Мы не станем обращаться в ЗАГС.
Не пойдем на кроликов смотреть
И глотать извечный "Гуталакс".
Ну и что, что ты опять одна,
Ну и что, что совесть не болит?
Просто ты ужасно холодна,
Или это я совсем небрит?
(16.10.2000)
* * *
Я опоздал родиться
Лет на двести.
Я жил бы в Ницце,
А, может быть, в Триесте.
Я вел бы
Образ жизни дворянина,
На завтрак - вобла,
На обед - свинина.
По вечерам -
Фуршеты, преферансы...
Хмельным балам
Я предпочел бы стансы.
Переписал Расина
И Мольера,
От гильотины
Спас бы Робеспьера.
Читал в постели
Утреннюю прессу
И на дуэли
Отомстил Дантесу.
И до ума
Довел без промедления
Отца Дюма
И сына сочинения.
Вернул бы глаз
Фельдмаршалу Кутузову
И в зимний час
Согрел бы честь французову.
На Пляс Пигаль
Ходил бы в дни доверия.
И на мораль
Плевал бы с баптистерия.
Я говорил бы "Уи"
И "Оревуа",
И пил шабли
Как местный буржуа...
Но... опоздал родиться
Лет на двести.
И потому не в Ницце,
А в Одессе.
И не повеса,
И не дипломат.
А младший слесарь
Завода "Стальканат".
(31.01.2001).
* * *
С неуместным кичем стюардесса
С неродным акцентом говорит,
Что осталась позади Одесса
И мелькает впереди Мадрид.
За бортом опять температура,
И погода летная опять.
В воздухе - мобильная скульптура
Реактивный ТУ-135.
Захотелось стать мне террористом
И, достав потертый автомат,
Попросить пилота в поле чистом
Повернуть отчаянно назад.
Но желанья наши не совпали.
Ну и что?
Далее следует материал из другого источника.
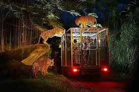 在今天cehck in的時候,我們就已經報名了當天晚上的night safari。跟新加坡的夜間動物園同樣是Night Safari,這個動物園的噱頭是可以被關進一個車籠裡,然後看著飼養員餵著肉食性動物。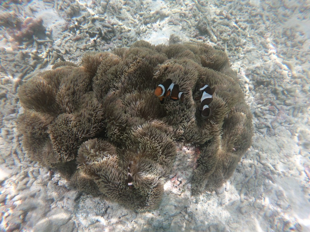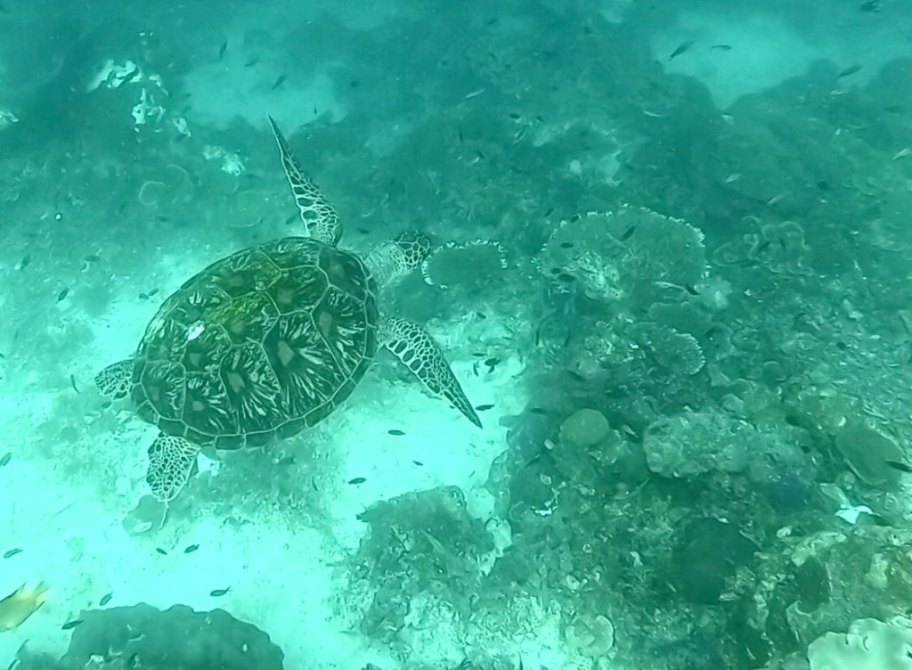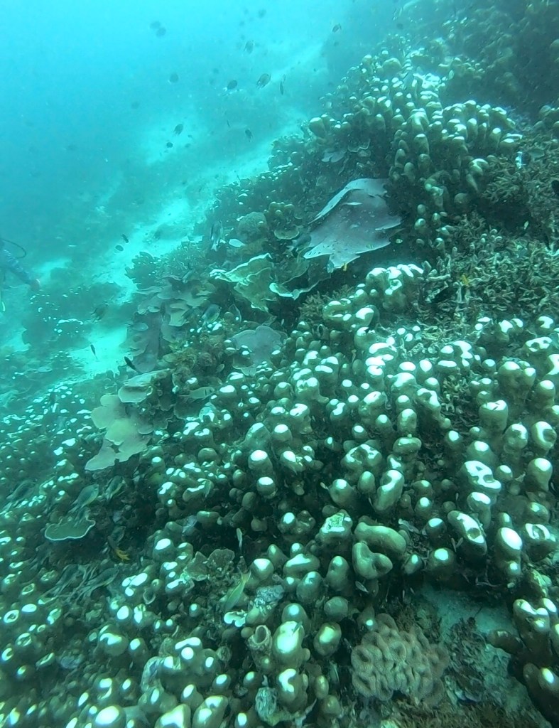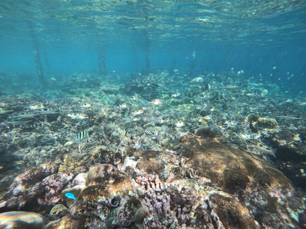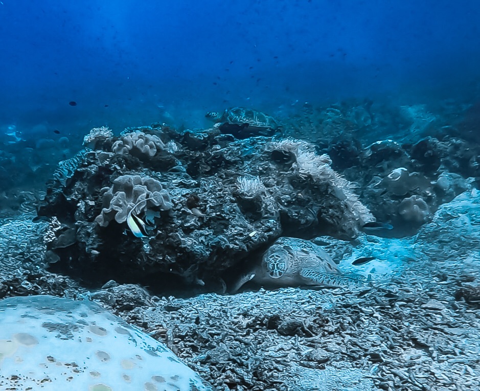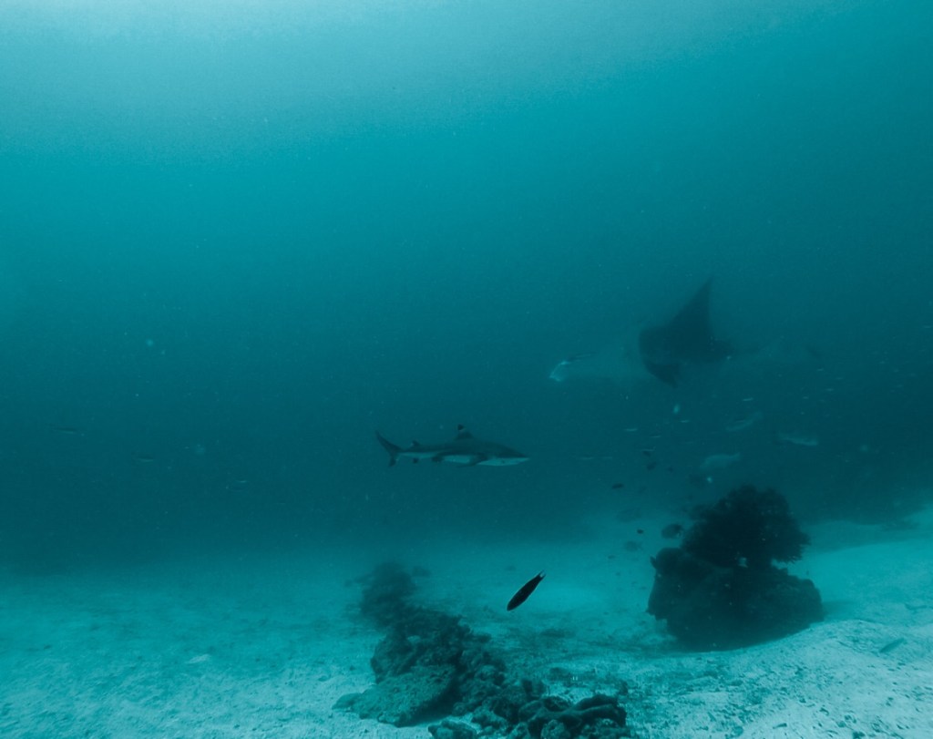 Natürlich haben wir nicht nur Mantas gesehen. Während unserer Tauchgänge begegneten uns häufig Schwarzspitzen-Riffhaie oder Schildkröten, ausserdem zwei Teppichhaie, ein Krokodilfisch, Napoleonfische, Seepferdchen, Barrakudas und unzählige Fischschwärme, die wir nicht näher bestimmen konnten. Leider haben wir nur eine uralte GoPro-Kamera, die zwar Bilder macht, aber die Farben der Unterwasserwelt nicht annähernd so einfangen kann, wie sie in der Realität sind. Die Bilder geben aber trotzdem einen guten Eindruck davon, wie es war.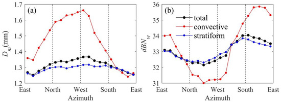 Figure 7a,b shows the azimuthal distribution of near-surface Dm and dBNw of the total, stratiform, and convective precipitation in the NCCV. The Dm for different types of precipitation shows obvious asymmetry, and the azimuth distribution characteristics are similar (Figure 7a). The peak values are in the west of the NCCV, and the valley values are in the east. Except for the southeast quadrant, the Dm of convective precipitation is generally larger than that of stratiform in all directions. The Dm of convective precipitation changes the most in different directions within the NCCV (the asymmetry is more obvious). From the east side of the NCCV to the west side, the Dm gradually increases and continues to the east side, where the Dm gradually decreases. The peak value in the west is about 1.66 mm, and the valley value is in the southeast, about 1.24 mm. For stratiform precipitation, the average azimuthal variation of Dm is small, with a peak of about 1.32 mm in the west and a valley of about 1.25 mm in the east. The Dm distribution of total precipitation is similar to that of stratiform precipitation.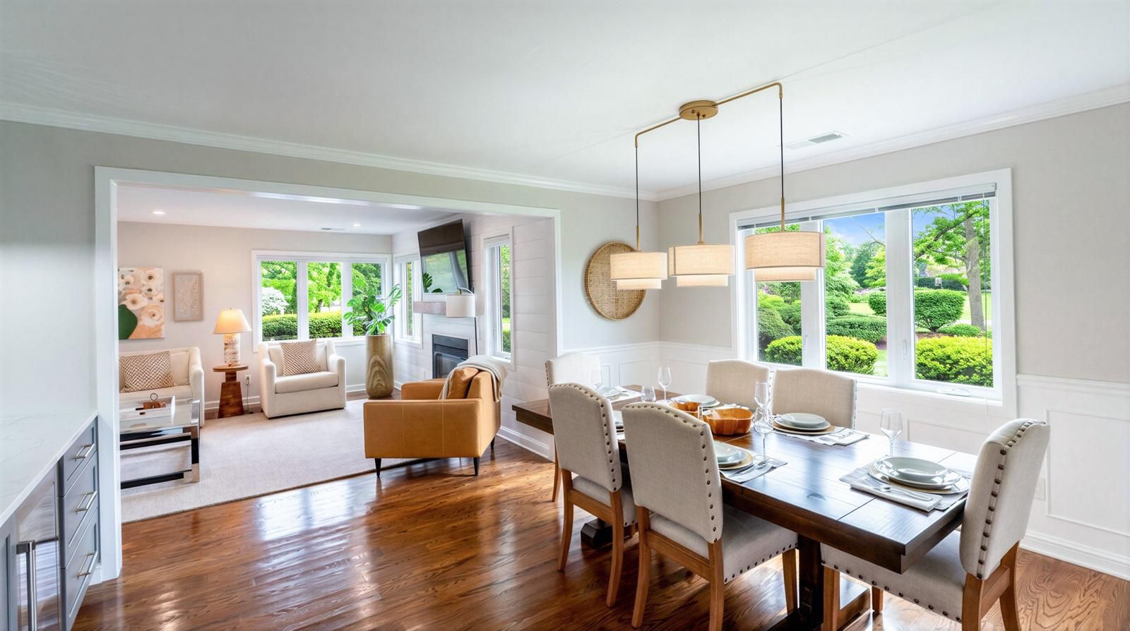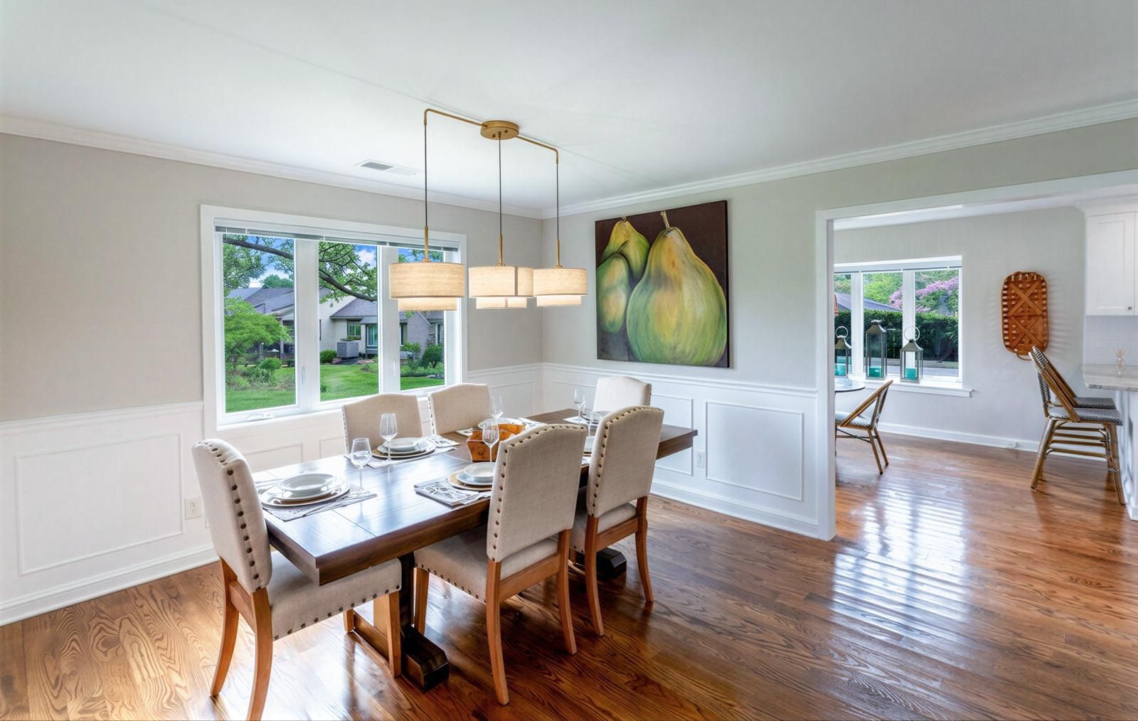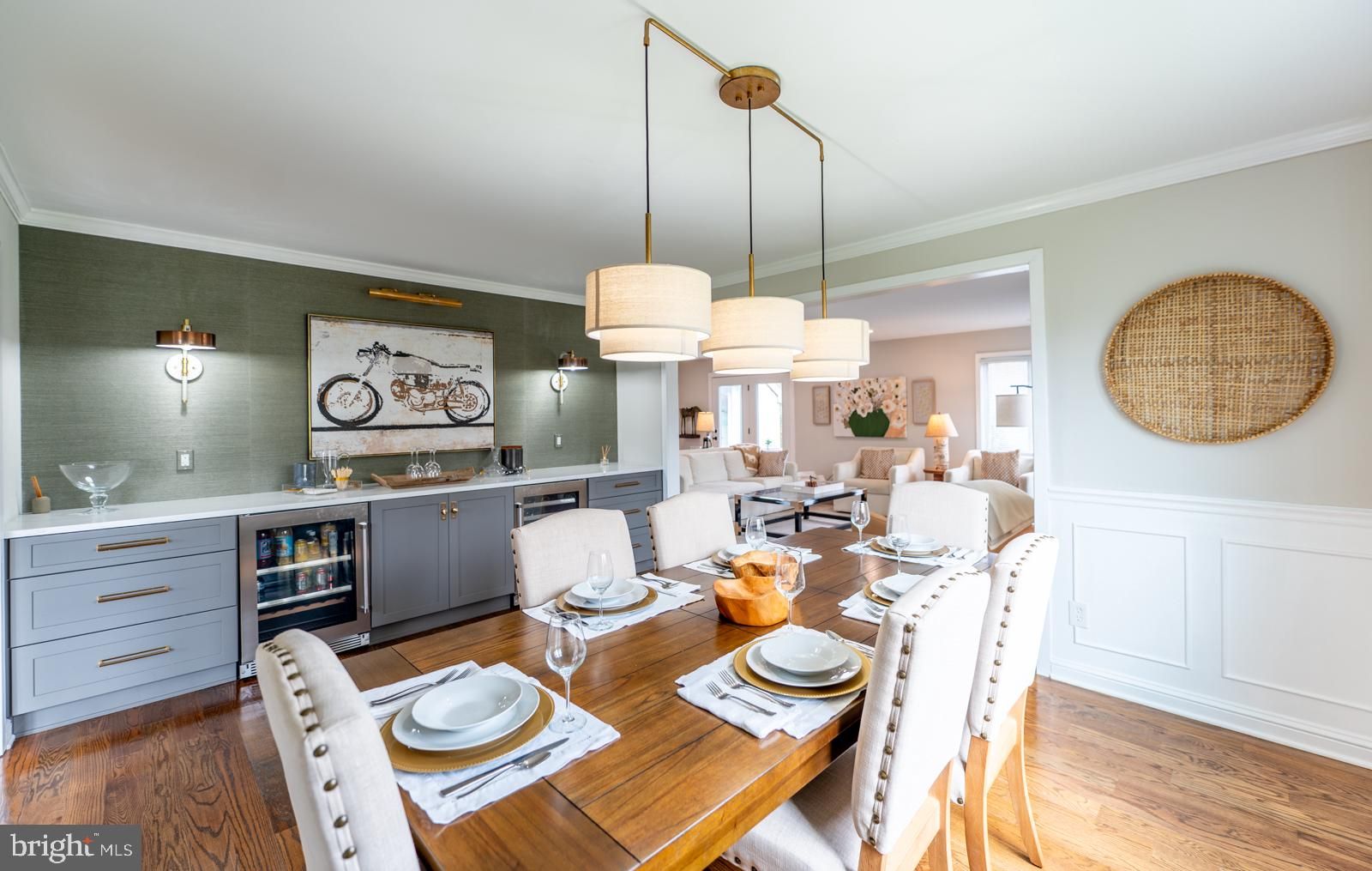 - Bathroom - Stall Shower, Bathroom - Tub Shower, Breakfast Area, Built-Ins, Butlers Pantry, Crown Moldings, Dining Area, Entry Level Bedroom, Floor Plan - Open, Formal/Separate Dining Room, Kitchen - Gourmet, Pantry, Primary Bath(s), Recessed Lighting, Upgraded Countertops, Wainscotting, Walk-in Closet(s), Wet/Dry Bar, Wood Floors, Ceiling Fan(s)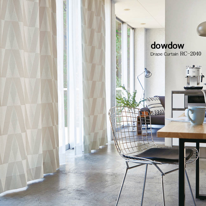 【ミッドセンチュリー】ワントーンの幾何学柄のドレープカーテン【RC-2040】ベージュ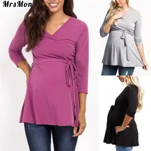 Buy Now Pure spliced V-neck with waistband seven-minute sleeve wrapped Maternity Sweater pull-down nursing suit breastfeeding clothes before expired and You will save 15% today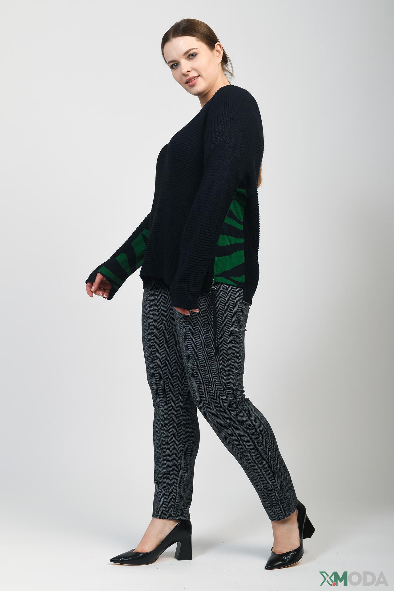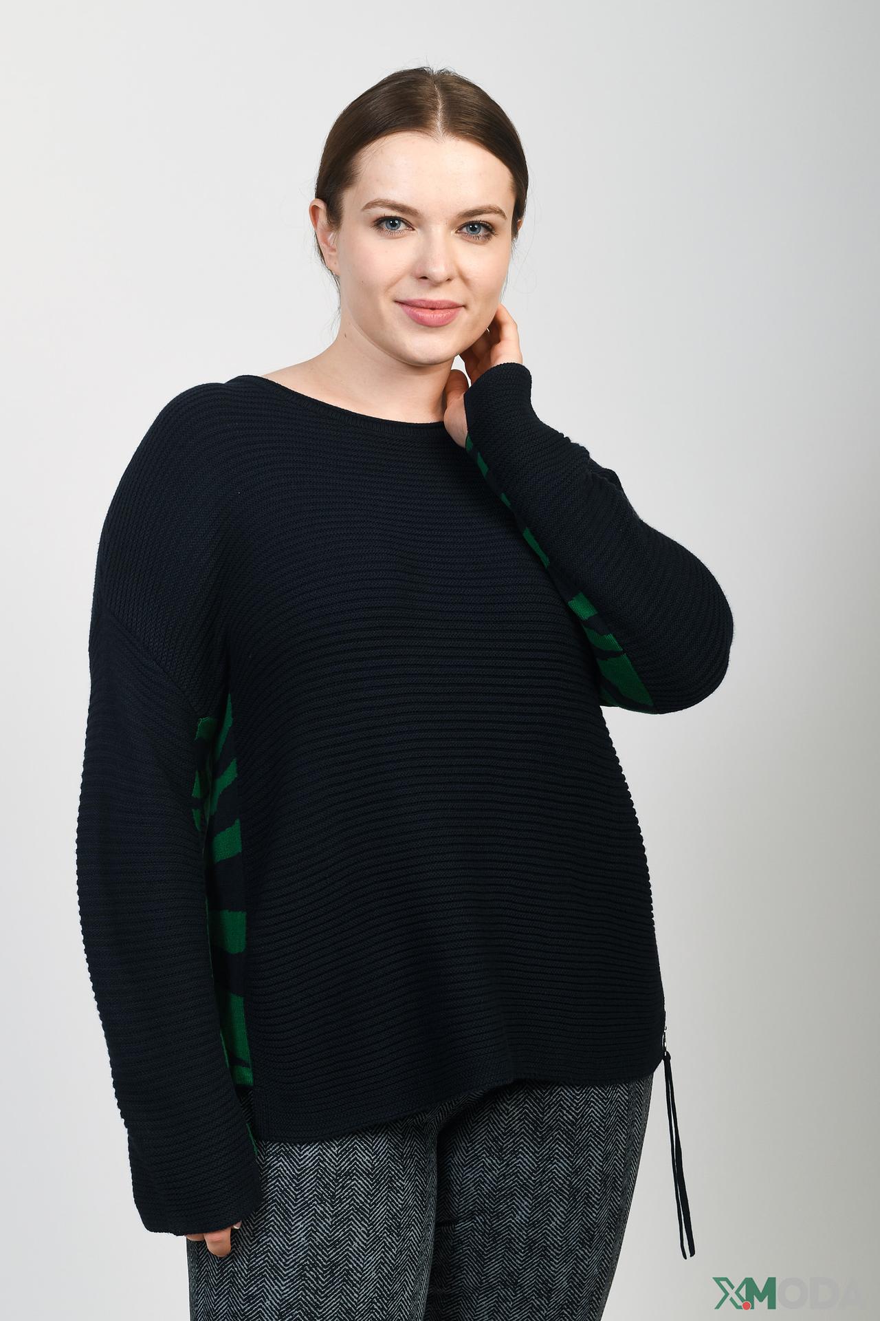 Пуловер Doris Streich чёрный с зелёным принтом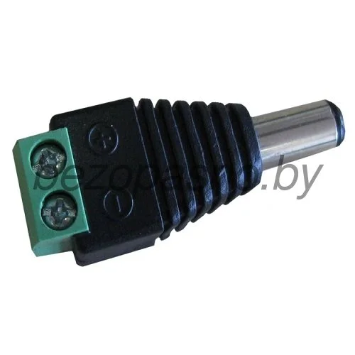 Коннектор (разъем) питания, штырьковый, тип "папа", 2-pin клеммная колодка под винт, предельный ток 2А при напряжении 42V, 2.1x5.5x10 мм.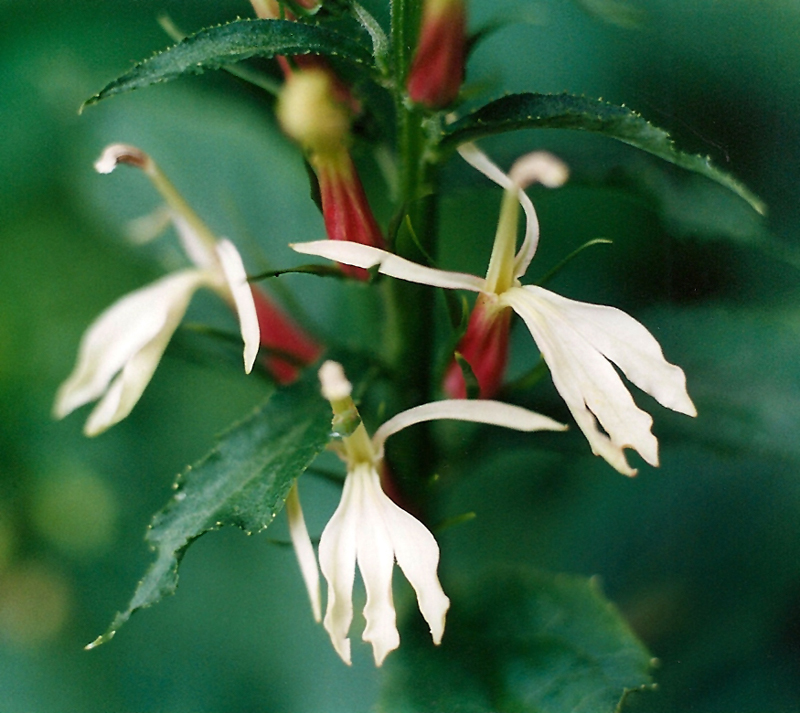 A spectacular uncommon white form of Cardinal flower that produces unusual bicolored white and pale pink flowers from August through September, basal rosette of 1-4 inch leaves all year, short-lived perennial that forms rosettes of new plants from the base, does well along ditches or streams, does not tolerate being completely covered by leaves or mulch all winter, will self sow in favorable conditions, clay tolerant, attracts butterflies & hummingbirds, a good rain garden plant.

Подумаешь!? Пустяк!!!
Мой сосед набрался "Цинандали",
Я угрюмо заказал коньяк.
Вспоминал младые годы, школу,
Институт и первую любовь...
И затем как страшную крамолу
Вспомнил службу в армии опять:
Как не ладил вечно с парашютами
И безбожно нарушал устав...
Приземлившись где-то в Красном Хуторе,
Я решил, что, может, был не прав...
(20.02.2001).
* * *
Я выходил крысу-калеку:
Трехлапую и без хвоста...
И хоть не похож на Гобсека
Ей делал добро неспроста.
Она дорога мне как память,
И преданна мне словно дочь.
При ней я не стану буянить
И баб приводить на всю ночь.
Не стану вовсю материться
И буду утюг выключать,
Смогу как отец заступиться
И спинку потру ей как мать.
Но все в этом мире не вечно:
Не дремлет старуха с косой.
Придет и за мною, конечно,
Прикинувшись третьей женой.
Я с крысой прощусь на рассвете,
Пожав на прощание лапу,
И путь свой закончу в кювете,
А жизнь потечет тихой сапой.
Она сохранить мое фото
И помнить меня будет век.
Приятно, что скажет хоть кто-то:
"Прощай, милый мой человек!".
(27.02.2001).
На 8-е марта...
Всем женщинам без лишних слов
Хочу сказать 8-го марта,
Что спринт любви бежать готов,
Но вряд ли избегу фальшстарта.
* * *
"О, женщина, ты - книга между книг", -
Сказал поэт, не разбирая слога.
А я пока всего лишь ученик,
Что даже не добрался до пролога.
* * *
Просила, чтобы не плевал ей в душу
И умоляла, чтоб закрыл свой рот.
Я женщину внимательно послушал
И сделал как всегда наоборот.
* * *
Как символ чистых, неразрывных отношений
Я не без показательной сноровки
Любимой подарил на день рождения
Кусочек мыла и моток веревки.
(6.03.2001).
* * *
И хоть упрям как баобаб,
Давно пора понять уже,
Что не бывает голых баб,
А есть фемины в неглиже.
(13.03.2001).
* * *
Мы с нею валялись на сене,
Не думая о резус-факторах.
Есть женщины в русских селеньях,
Когда их мужчины на тракторах.
(27.03.2001).
* * *
Как сотню потрепанных дел
Сдадут мое скоро в архив.
Чихать я на это хотел.
Бесстыдно и громко: "Апчхи!".
(27.03.2001).
* * *
Я сказал ей нежно: "Дорогая!".
И при этом был изящно вежлив.
Но добавил нервно: "Дорогая!
В самом деле, есть и подешевле...".
(27.03.2001).
* * *
Простой брюссельский мальчик Пис
В своей уверен уникальности.
Он смотрит с постамента вниз,
Навек оторван от реальности.
Своей могучею струей
Являет символ филантропии.
А за углом - вблизи пивной
Стоят его живые копии.
(23.03.2001).
* * *
Я вырвал из старой тетради
Бумаги смущенный клочок.
И вновь по привычке, не глядя,
Замученный грыз колпачок.
Стихи родились словно дети:
На старости лет, спохватившись.
Себе на полях я заметил,
Что этот умрет, не родившись.
Не вылезет он на поверхность,
И жизни не втянет глоток.
Но мне сохранит свою верность
Погибший давно колпачок...
(23.03.2001).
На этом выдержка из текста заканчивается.